INSTRUCTIONS TO FOLLOW => Take the line containing "1En está página" and all lines after it, through the end of the material, and repeat them exactly, pictures left out.

*** DATA EXTRACT ***

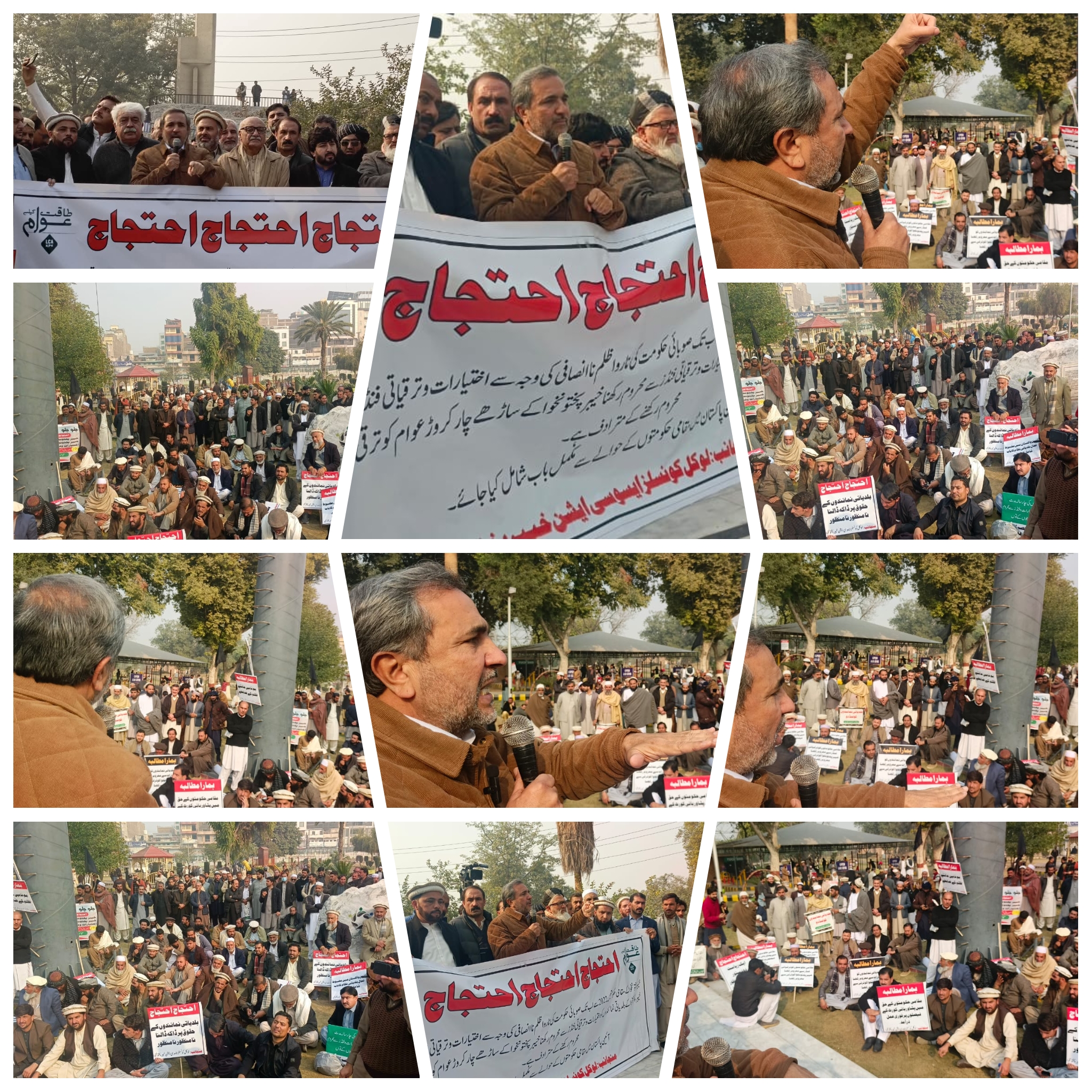 خیبرپختونخوا میں مضبوط مستحکم فعال بلدیاتی نظام، مقامی حکومتوں کے حل طلب مسائل کے حل کے لیے, پی ٹی آئی صوبائی حکومت کیطرف سے بار بار کیے گئے وعدوں سے انحراف کیخلاف لوکل کونسلز ایسوسی ایشن خیبرپختونخوا صدر ایسوسی ایشن مئیر مردان حمایت اللہ مایار کی زیر قیادت بلدیاتی نمائندوں کا بھرپور احتجاج ریکارڈ جس میں خیبرپختونخوا کے مختلف اضلاع سے بلدیاتی نمائندوں نے شرکت کرتے ہوئے بلدیاتی حل طلب مسائل اور صوبائی حکومت کی عدم دلچسپی پر اظہار خیال کیا۔پرامن بھرپور احتجاج سے خطاب کرتے ہوئے مئیر مردان حمایت اللہ مایار، عزیز اللہ مروت،کوارڈنیٹر لوکل کونسلز ایسوسی ایشن انتظار خلیل، ارباب وصال، رفیع اللہ، محمد حمزہ، نور قدیم شاہ، مفتی غلام اللہ خان، مفتی کفیل، ہارون صفت، حاجی کلیم اللہ، ظہور احمد، سید بارشاہ، سعود خان و دیگر نے گزشتہ چار سال سے مفلوج بلدیاتی نظام، مقامی حکومتوں کیساتھ جاری بدترین ناروا ظلم پر اظہار خیال کرتے ہوئے کہنا تھا کہ خیبرپختونخوا میں مقامی حکومتوں کا نظام مفلوج ہے صوبائی حکومت نے گزشتہ چار سال سے خیبرپختونخوا کے مقامی حکومتوں کو مفلوج بنائے رکھا ہے۔ لوکل کونسلز ایسوسی ایشن خیبرپختونخوا کی قیادت میں متعدد بار پرامن احتجاج کیے مختلف احتجاجوں کے موقع پر صوبائی حکومت کی ایما پر بلدیاتی نمائندوں پر شدید لاٹھی چارج کی گئی، بلدیاتی نمائندوں کو گرفتار کیا گیا، بلدیاتی نمائندے زخمی ہوئے مگر بلدیاتی نمائندوں کے حوصلے اج بھی چٹان کیطرح مضبوط ہیں۔ بلدیاتی نمائندوں کا احتجاج میٹروپولیٹن سے مئیر حمایت اللہ مایار کی قیادت میں جناح پارک میں جاری رہا نماز ظہر کے بعد احتجاج شرکاء نے صوبائی اسمبلی کیطرف پرامن واک کرتے ہوئے شدید احتجاج ریکارڈ کیا گیا۔
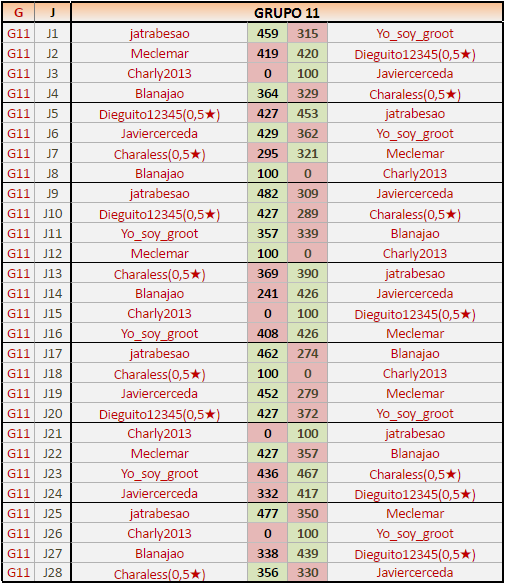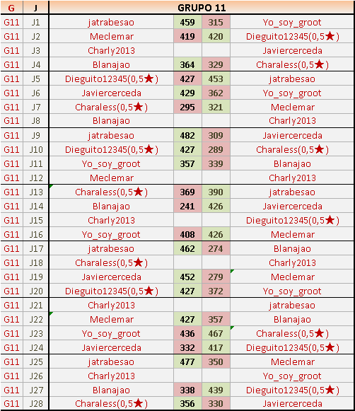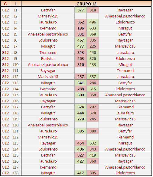 1En está página se irán publicando los resultados de las diferentes partidas, siendo ambos jugadores responsables de subirlos o de comprobar que ya hayan sido publicados insertando un COMENTARIO en la parte inferior de la pantalla (opción “Deja tu comentario”), indicando el nombre de los dos jugadores y los puntos obtenidos en la partida.
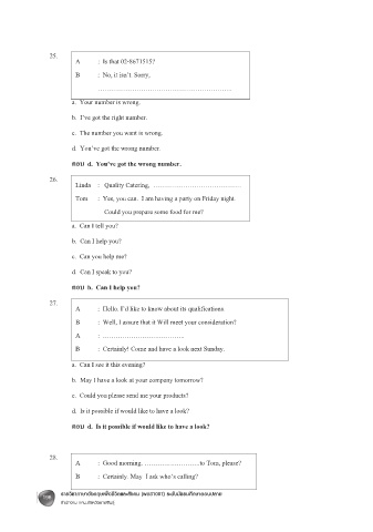 ตอบ d. You’ve got the wrong number.
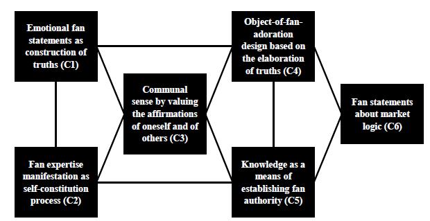 It was possible concluding that indie music fans perform a stance alethurgy in their interactions about this musical universe. The communal sense (C3) is at the heart of this process, since it establishes and legitimizes individuals’ behaviors. On the one hand, the community endorses the way fans relate to the genre and to their favorite artists, whether through emotional statements (C1) or through expertise manifestations (C2). On the other hand, it establishes the fan condition associated with the ability of fandom members to outline their object of adoration (C4), to establish a fan authority (C5) and, then, to take a stance toward the market logic (C6) the genre is inserted in. This dynamics reveals how alethurgy happens in the herein investigated empirical field (see representation in Figure 2).

*** End of DATA EXTRACT ***

WRITTEN SOLUTION =>
 1En está página se irán publicando los resultados de las diferentes partidas, siendo ambos jugadores responsables de subirlos o de comprobar que ya hayan sido publicados insertando un COMENTARIO en la parte inferior de la pantalla (opción “Deja tu comentario”), indicando el nombre de los dos jugadores y los puntos obtenidos en la partida.
 ตอบ d. You’ve got the wrong number.
 It was possible concluding that indie music fans perform a stance alethurgy in their interactions about this musical universe. The communal sense (C3) is at the heart of this process, since it establishes and legitimizes individuals’ behaviors. On the one hand, the community endorses the way fans relate to the genre and to their favorite artists, whether through emotional statements (C1) or through expertise manifestations (C2). On the other hand, it establishes the fan condition associated with the ability of fandom members to outline their object of adoration (C4), to establish a fan authority (C5) and, then, to take a stance toward the market logic (C6) the genre is inserted in. This dynamics reveals how alethurgy happens in the herein investigated empirical field (see representation in Figure 2).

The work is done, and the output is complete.